Rebecca was pleased to see what the Lavazza Foundation was doing to support these communities. By starting with helping to finance farming equipment that allows these community to better process the coffee beans and reach the global markets, both Rebecca and Lavazza hope to help carry on the legacy of a coffee community and improve the quality of coffee all over the world.
For Kanika, the voyage started in the home of Lavazza, Turin. Her journey entailed in tracing coffee production to its origin, down to the coffee plantations in the Caribbean.
There, in Lavazza’s hometown, Kanika was amazed by the experience of coffee: “The coffee culture in Turin is special” – she said – “Here, people live coffee in the moment, rather than using it as a simple energy boost.”
At Lavazza, coffee was more than just a mere product. Along every step of its cycle, from production to consumption, coffee touches the lives of individuals and communities all over the world.
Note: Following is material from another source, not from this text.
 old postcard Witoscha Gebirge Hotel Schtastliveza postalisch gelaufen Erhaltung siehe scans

Through tools, investments and training, Lavazza supports coffee farmers regardless of whether they will become business partners.
Kanika was pleasantly surprised to discover that CSR (corporate social responsibility) was a key value the brand focused on. Much like Kanika, Lavazza wasn’t merely investing money in these communities, they were also investing heart in what they do.
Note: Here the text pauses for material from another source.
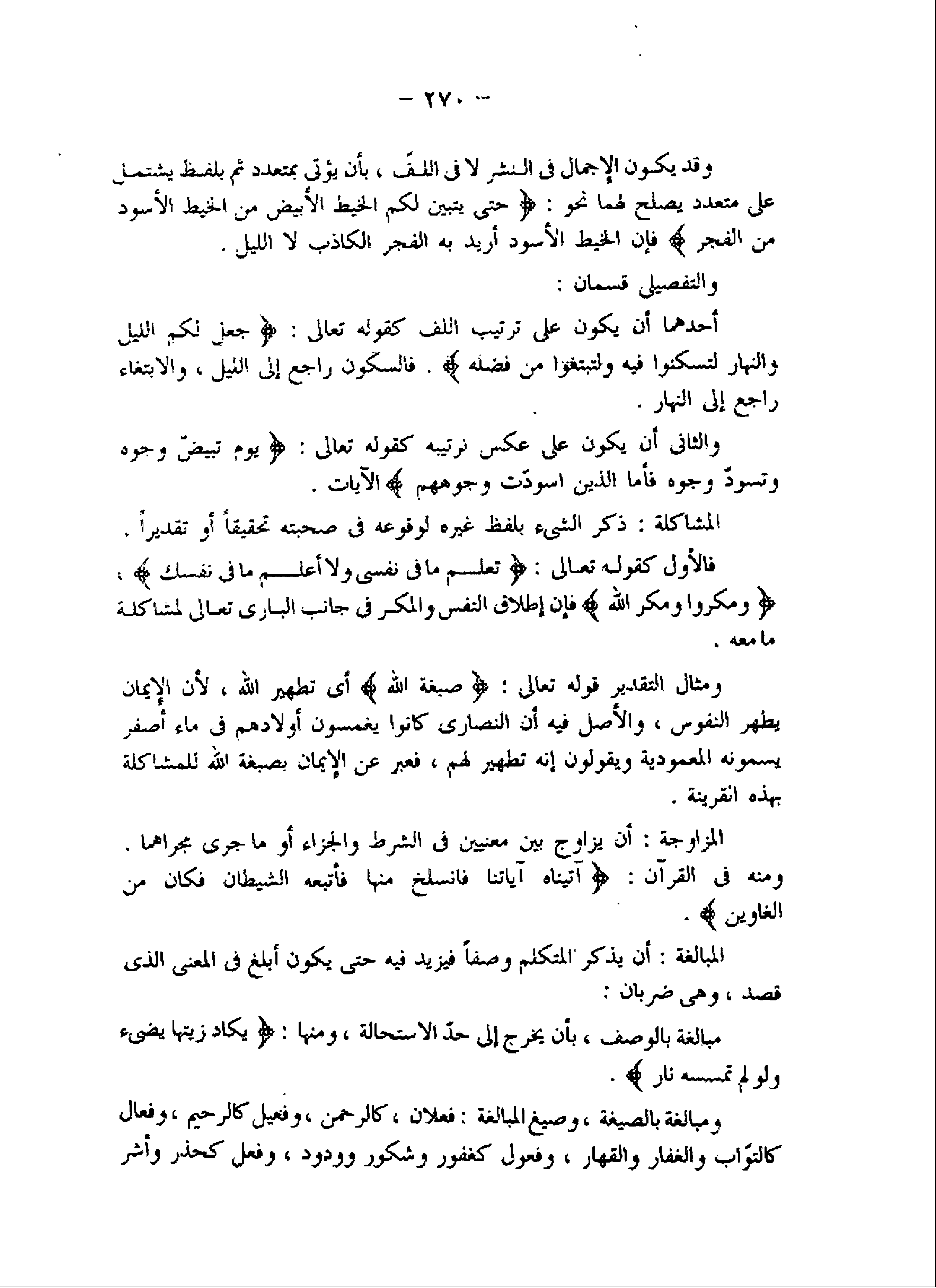 وقد يكون الإجمال فى النشر لا فى اللفّ، بأن يؤتى بمتعدد ثم بلفظ يشتمل على متعدد يصلح لهما نحو: حَتَّى يَتَبَيَّنَ لَكُمُ الْخَيْطُ الْأَبْيَضُ مِنَ الْخَيْطِ الْأَسْوَدِ مِنَ الْفَجْرِ فإن الخيط الأسود أريد به الفجر الكاذب لا الليل.

Coffee runs in Stuart’s family. Back in Uganda, he’d join his grandmother on the plantation, working alongside her.
During his days in the Dominican Republic with the Coffee Study Program, Stuart gained a new perspective on the craft of coffee farming – a perspective first gained by climbing a mountain.
“Where I come from, I grow coffee together with my grandmother; however, we grow it on flat land. Seeing it grow well in the mountains was a surprise.”
Stuart’s new perspective was shaped by more than mere altitude. By examining the present,
Stuart asked himself: “What role can young people play in coffee production?” The answer is simple: follow your father.
When young generations learn from their parents, by growing, picking and processing coffee together, they lay the foundations for their own future – creating a business that is both economically and environmentally viable. “Coffee is generational. I love how families come together to contribute to a bigger goal.” – Said Stuart.
Stuart sees being part of Coffee Study program as an opportunity to be part of a great change. Together with Lavazza, his goal is to provide communities with all the necessary tools to face the challenges of today’s climate change.
Jia Yi, a young student of International Development, had the invaluable chance to meet with the organizations that are trying to create a fair and rewarding coffee market while she was in the Dominican Republic.
Together with companies like the Lavazza Foundation, organizations like CONCAFED (Confederacion Cafetalera Dominicana) and CODOCAFE (Consejo Dominicano del Cafe) were founded to empower coffee farmers, make their voices heard and create a shared spaces for dialogue.
It was clear to Jia Yi that these organizations were a clear example of how uniting can help support the resilience of farmers. “As a single entity, the Confederation is powerful, but coupled with NGOs and organizations like the Lavazza Foundation it becomes even more powerful,” Jia Yi stated.
It became clear to Jia Yi that true power lies in collectivity. By working together with the Lavazza foundation, her goal is to effect big changes by making better choices when it comes to the little things in life, right down to the everyday choices we make in our daily routines.